### WORK ITEM:
I'd like the full listing transcribed exactly, with no images included.
======== GIVEN DATA ========
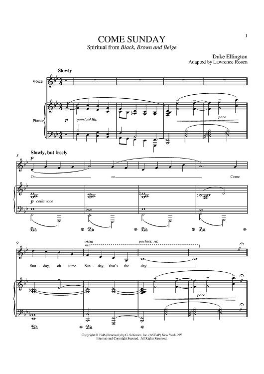 "Come Sunday" Sheet Music by Duke Ellington
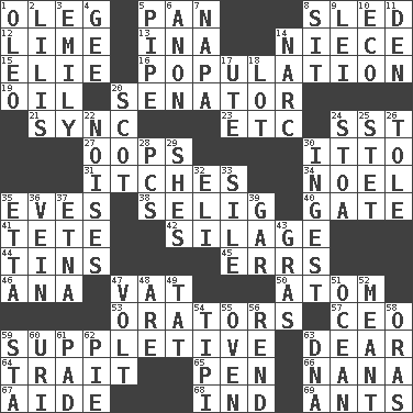 ACROSS 1. Cassini of fashion 5. Baking dish 8. Downhill vehicle 12. Citrus frut 13. _ tizzy (2 wds.) 14. Sibling's daughter 15. Writer Wiesel 16. Census information 19. Lubricate 20. Legislator 21. Synchronize (abbr.) 23. And so on (abbr.) 24. Fast jet (abbr.) 27. I made a mistake 30. "Tell ____ the Marines!" 31. Skin irritations 34. Christmas carol 35. Nights before holidays 38. Former Milwaukee Brewers owner Bud 40. Yard entry 41. False hair 42. Fodder prepared in a silo 44. Airtight sealed metal containers 45. Blunders 46. Santa ___, CA 47. Large container 50. Smallest unit of an element 53. Speakers 57. Corporate head (abbr.) 59. Supplementary 63. Letter starter 64. Distinguishing feature 65. Animal enclosure 66. Nanny 67. Assistant 68. Indiana (abbr.) 69. Pismires DOWN 1. Butter sub 2. Ms. Damita and namesakes 3. Poet Dickinson 4. Unit of force equal to gravity 5. Corncob 6. Soon (poet.) 7. California wine valley 8. Be seated 9. Flowery wreath 10. Environmental prefix 11. Lair 14. Drug cop 17. Shoshoni 18. Car dealer's back yard 20. Native of Scotland 22. Annoying sounds 24. Portico 25. Proofreading order 26. Lacquered or enameled metalware 28. Personal Computers (abbr.) 29. "______ My Girl" (Turtles hit) 30. Eat 32. Biblical high priest 33. Filth; sediment 35. Singer James 36. Distinctive style or manner 37. Inactive volcano in Sicily 39. Slender fish 43. Pate de foie ____ 47. Electrical Unit 48. "We ___ not amused" (Victoria) 49. Make lace 51. Sea 52. Intended 54. Native american tent (variation) 55. Baking chamber 56. Tear apart 58. Mouths or openings 59. R.R. building 60. RI univ. 61. Groovy apt. 62. Sliced dessert 63. Heredity factor (abbr.)
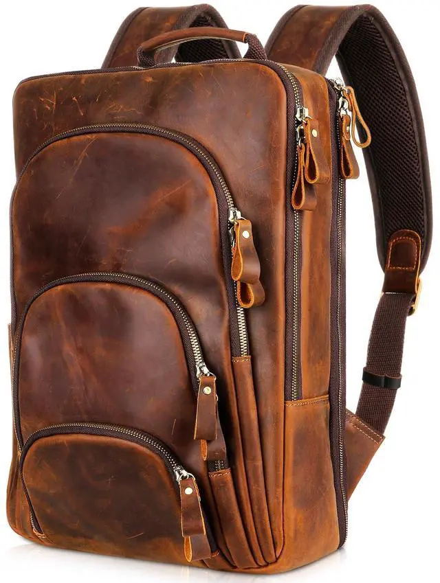 Full Grain Leather Backpack: The travel backpack is made of long lasting full grain cowhide leather and heavy duty metal zipper. The new zipper is a little tight at first to extend its life and will become smoother over time.
========
### TASK SOLUTION:
 "Come Sunday" Sheet Music by Duke Ellington
 ACROSS 1. Cassini of fashion 5. Baking dish 8. Downhill vehicle 12. Citrus frut 13. _ tizzy (2 wds.) 14. Sibling's daughter 15. Writer Wiesel 16. Census information 19. Lubricate 20. Legislator 21. Synchronize (abbr.) 23. And so on (abbr.) 24. Fast jet (abbr.) 27. I made a mistake 30. "Tell ____ the Marines!" 31. Skin irritations 34. Christmas carol 35. Nights before holidays 38. Former Milwaukee Brewers owner Bud 40. Yard entry 41. False hair 42. Fodder prepared in a silo 44. Airtight sealed metal containers 45. Blunders 46. Santa ___, CA 47. Large container 50. Smallest unit of an element 53. Speakers 57. Corporate head (abbr.) 59. Supplementary 63. Letter starter 64. Distinguishing feature 65. Animal enclosure 66. Nanny 67. Assistant 68. Indiana (abbr.) 69. Pismires DOWN 1. Butter sub 2. Ms. Damita and namesakes 3. Poet Dickinson 4. Unit of force equal to gravity 5. Corncob 6. Soon (poet.) 7. California wine valley 8. Be seated 9. Flowery wreath 10. Environmental prefix 11. Lair 14. Drug cop 17. Shoshoni 18. Car dealer's back yard 20. Native of Scotland 22. Annoying sounds 24. Portico 25. Proofreading order 26. Lacquered or enameled metalware 28. Personal Computers (abbr.) 29. "______ My Girl" (Turtles hit) 30. Eat 32. Biblical high priest 33. Filth; sediment 35. Singer James 36. Distinctive style or manner 37. Inactive volcano in Sicily 39. Slender fish 43. Pate de foie ____ 47. Electrical Unit 48. "We ___ not amused" (Victoria) 49. Make lace 51. Sea 52. Intended 54. Native american tent (variation) 55. Baking chamber 56. Tear apart 58. Mouths or openings 59. R.R. building 60. RI univ. 61. Groovy apt. 62. Sliced dessert 63. Heredity factor (abbr.)
 Full Grain Leather Backpack: The travel backpack is made of long lasting full grain cowhide leather and heavy duty metal zipper. The new zipper is a little tight at first to extend its life and will become smoother over time.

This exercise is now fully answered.